[Dataset entries]
BEGIN

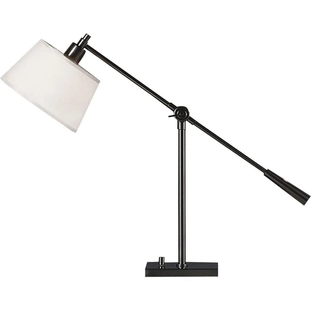 Real Simple Table LampFeaturesNumber of bulb: 1Bulb type: AMax wattage: 100WVoltage: 120VSocket: Medium E26Switch: Hi-Lo DimmingSwitch location: BaseFinish: Deep Bronze Powder CoatShade: Snowflake Fabric Shade with Top DiffuserCord color: SilverUL listed: DryDimensionsShade dimensions: 7 inches top x 9 inches bottom x 5.5 inches down sideBase dimensions: 0.88 inch height x 7.13 inches width x 7.13 inches depthAdjustable height: 15.75 - 23.5 inchesExtension: 31 inches
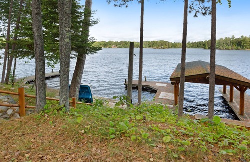 Wake up to the toasty aromas of freshly brewed coffee and head outside to the dock to enjoy the first chirps of the surrounding wildlife. Spend your afternoons playing in the cool waters of Stone Lake, then come home to kick back in the open and expansive living area. You'll love catching up on a favorite mystery novel on one of the comfy couches and watching movies or shows on the enormous wall-mounted flatscreen TV above the wood-burning fireplace. Go for a long walk with the family dog after a satisfying al-fresco meal on the back deck, coming home to relax in the sauna or stargaze with marshmallows and a guitar around the campfire pit. Whether you're here for the fantastic summer activities or the cozy wintertime comforts, Stone Lake has something for everyone!
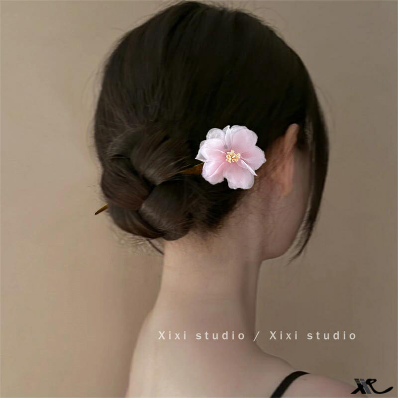 紫色玫瑰花木簪夏季发簪网纱花朵发钗古风簪花头饰气质发饰配饰女
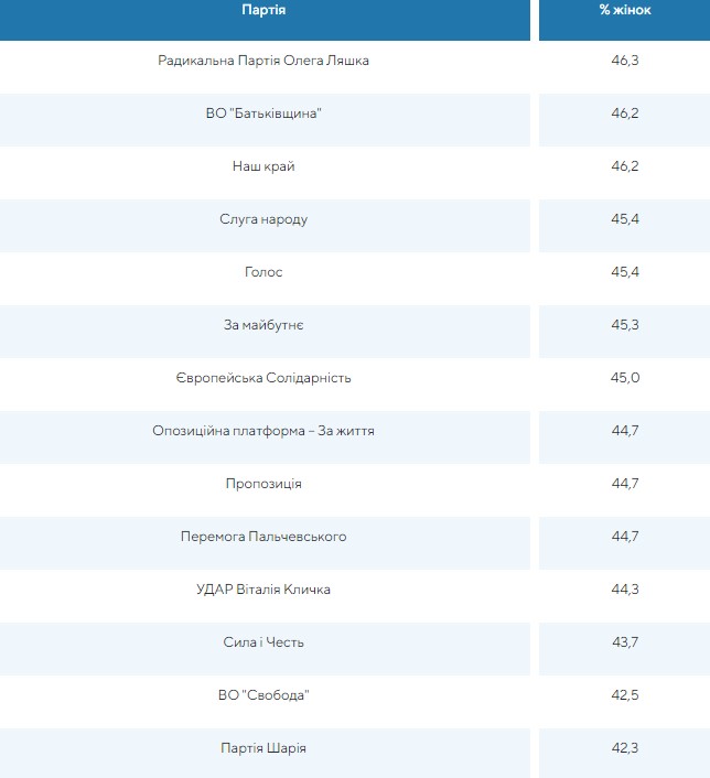 Среди ряда политических сил процент женщин в списках кандидатов практически одинаков и колеблется от 42% до 46%".
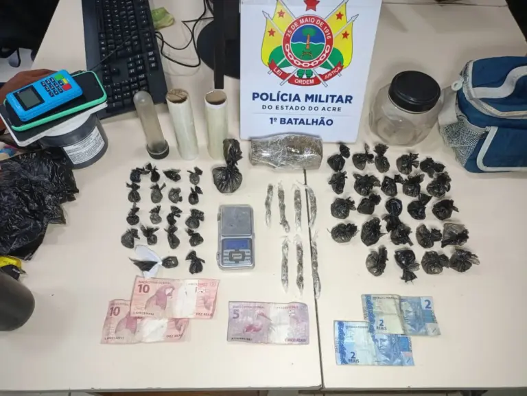 Além das drogas, os policiais apreenderam uma balança de precisão digital, potes plásticos, rolos de plástico filme e uma quantia em dinheiro em espécie. Segundo os agentes, o material é comumente utilizado para o preparo e a comercialização de entorpecentes.
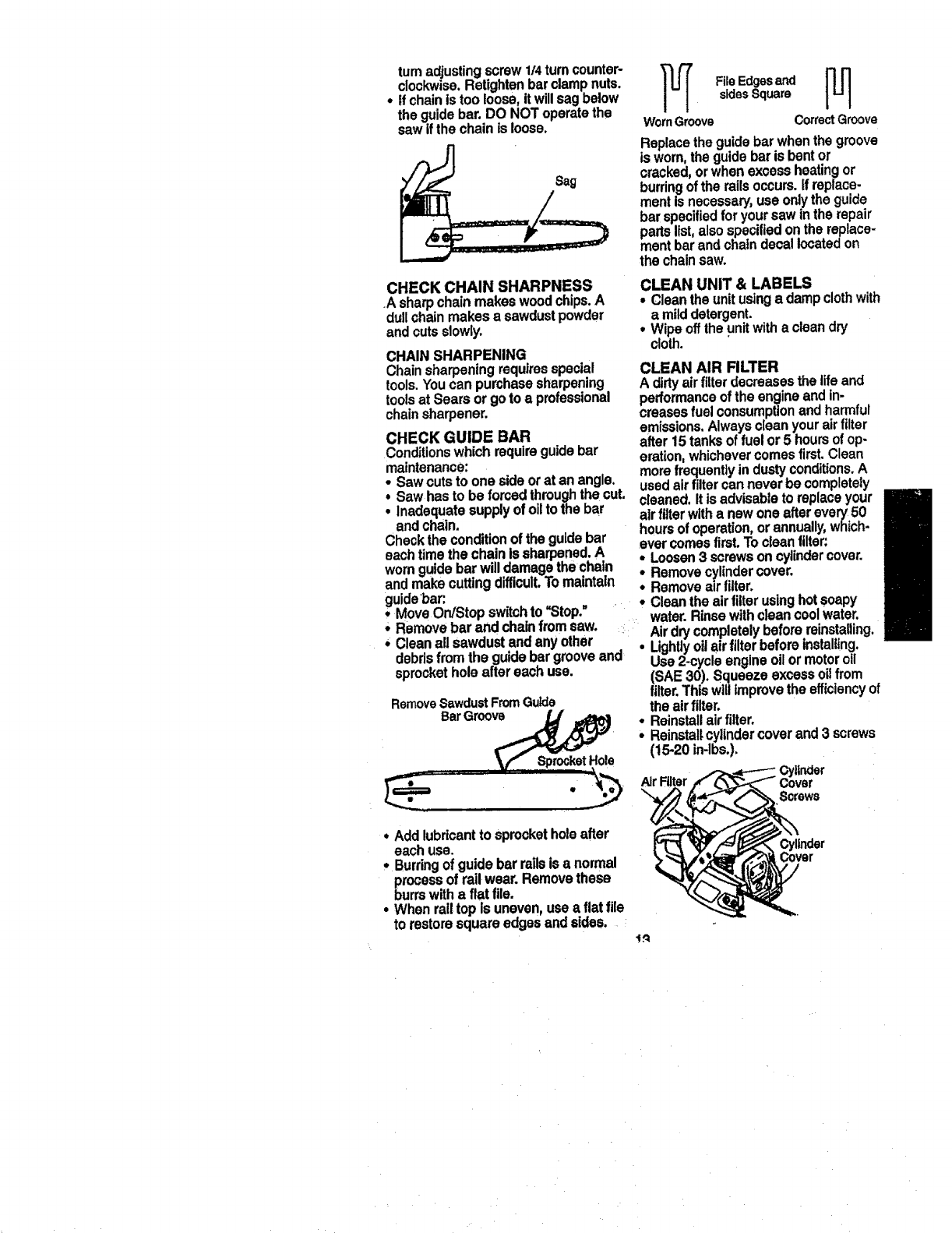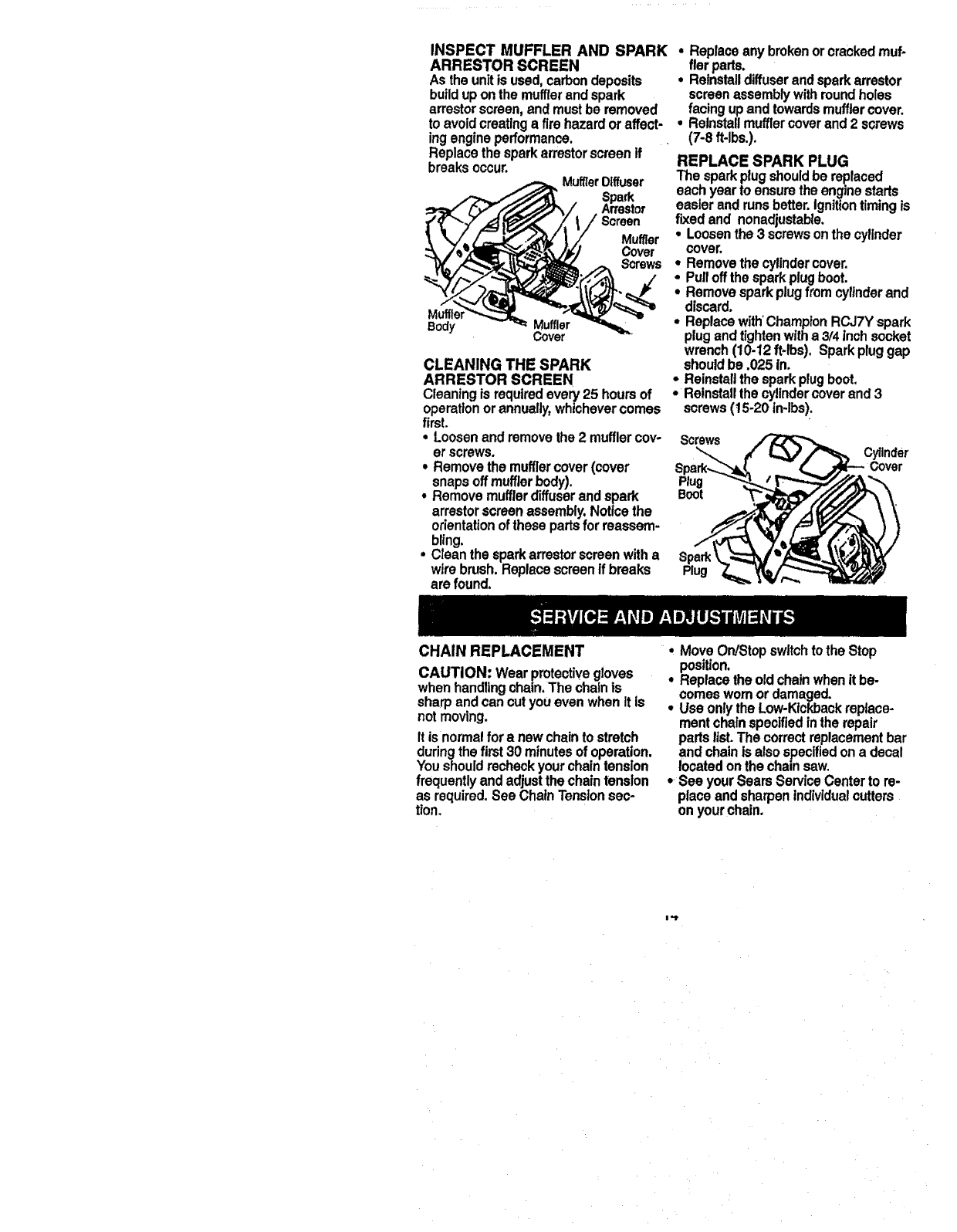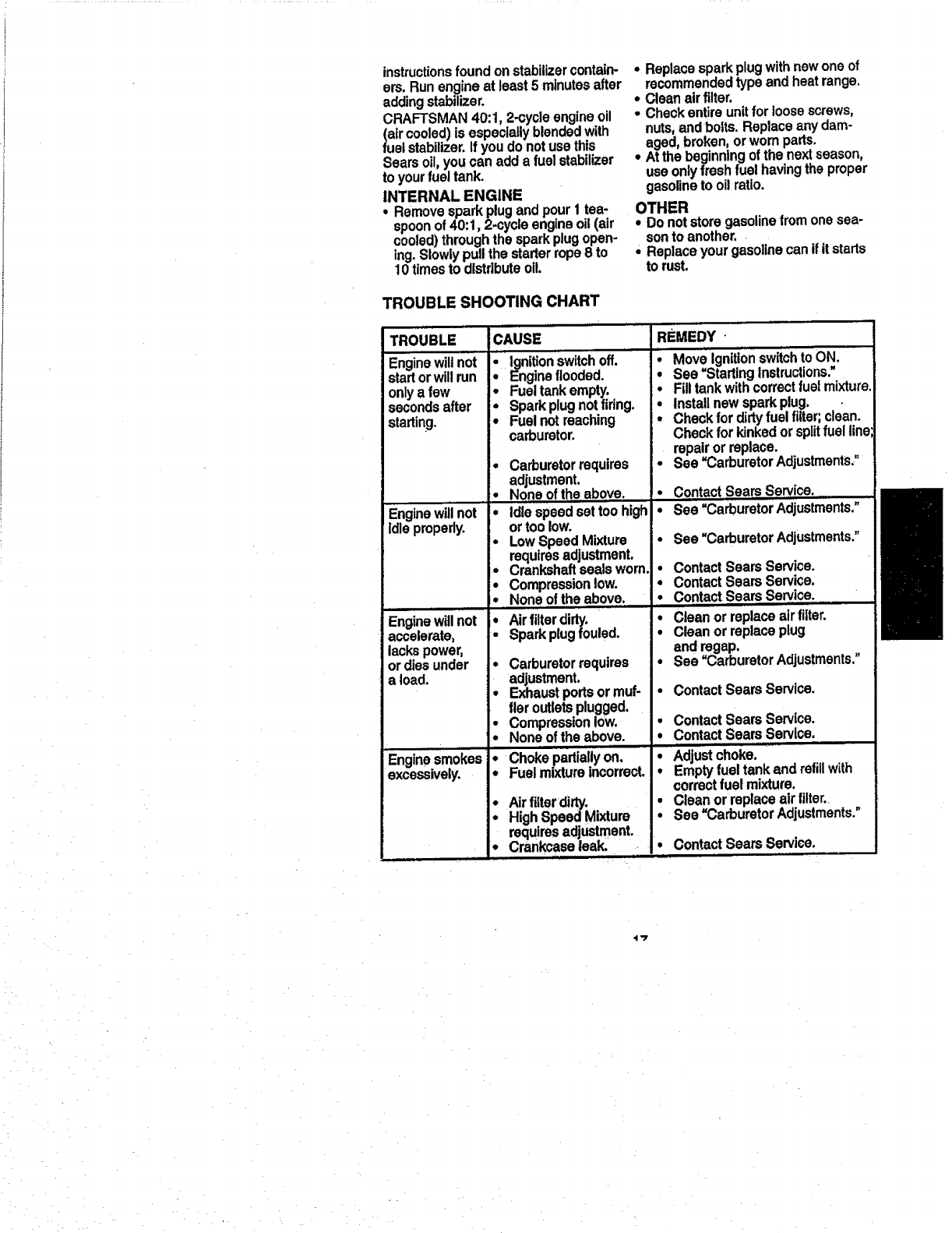 maintained,lubricatedandtuned-upaccordingto the owners manual,Sears will
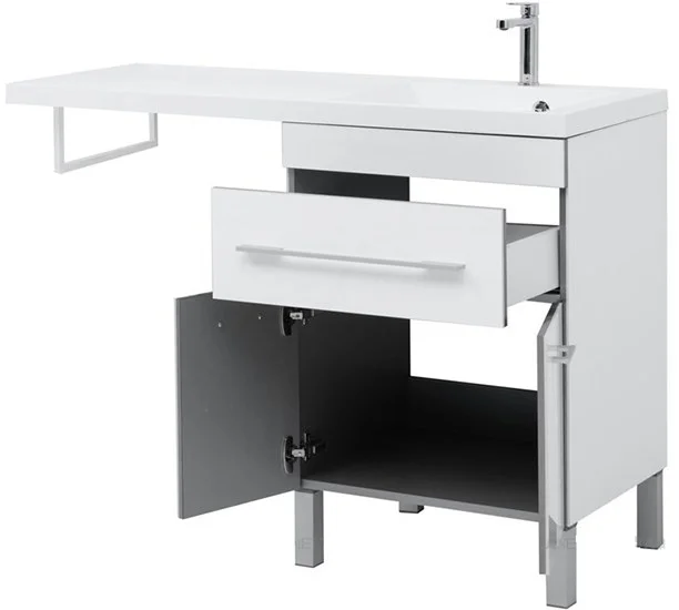 Напольная тумба с раковиной "Верона" белого цвета с покрытием из качественного акрила — такая отделка придает эффектности внешнему виду и повышает уровень влагозащиты. Применение акрила в производстве мебели для ванных — уникальное предложение, созданное на специализированной линии предприятия.

END

Apart from the pictures, set down all the entries above exactly.

*FINISHED TASK*:
 Real Simple Table LampFeaturesNumber of bulb: 1Bulb type: AMax wattage: 100WVoltage: 120VSocket: Medium E26Switch: Hi-Lo DimmingSwitch location: BaseFinish: Deep Bronze Powder CoatShade: Snowflake Fabric Shade with Top DiffuserCord color: SilverUL listed: DryDimensionsShade dimensions: 7 inches top x 9 inches bottom x 5.5 inches down sideBase dimensions: 0.88 inch height x 7.13 inches width x 7.13 inches depthAdjustable height: 15.75 - 23.5 inchesExtension: 31 inches
 Wake up to the toasty aromas of freshly brewed coffee and head outside to the dock to enjoy the first chirps of the surrounding wildlife. Spend your afternoons playing in the cool waters of Stone Lake, then come home to kick back in the open and expansive living area. You'll love catching up on a favorite mystery novel on one of the comfy couches and watching movies or shows on the enormous wall-mounted flatscreen TV above the wood-burning fireplace. Go for a long walk with the family dog after a satisfying al-fresco meal on the back deck, coming home to relax in the sauna or stargaze with marshmallows and a guitar around the campfire pit. Whether you're here for the fantastic summer activities or the cozy wintertime comforts, Stone Lake has something for everyone!
 紫色玫瑰花木簪夏季发簪网纱花朵发钗古风簪花头饰气质发饰配饰女
 Среди ряда политических сил процент женщин в списках кандидатов практически одинаков и колеблется от 42% до 46%".
 Além das drogas, os policiais apreenderam uma balança de precisão digital, potes plásticos, rolos de plástico filme e uma quantia em dinheiro em espécie. Segundo os agentes, o material é comumente utilizado para o preparo e a comercialização de entorpecentes.
 maintained,lubricatedandtuned-upaccordingto the owners manual,Sears will
 Напольная тумба с раковиной "Верона" белого цвета с покрытием из качественного акрила — такая отделка придает эффектности внешнему виду и повышает уровень влагозащиты. Применение акрила в производстве мебели для ванных — уникальное предложение, созданное на специализированной линии предприятия.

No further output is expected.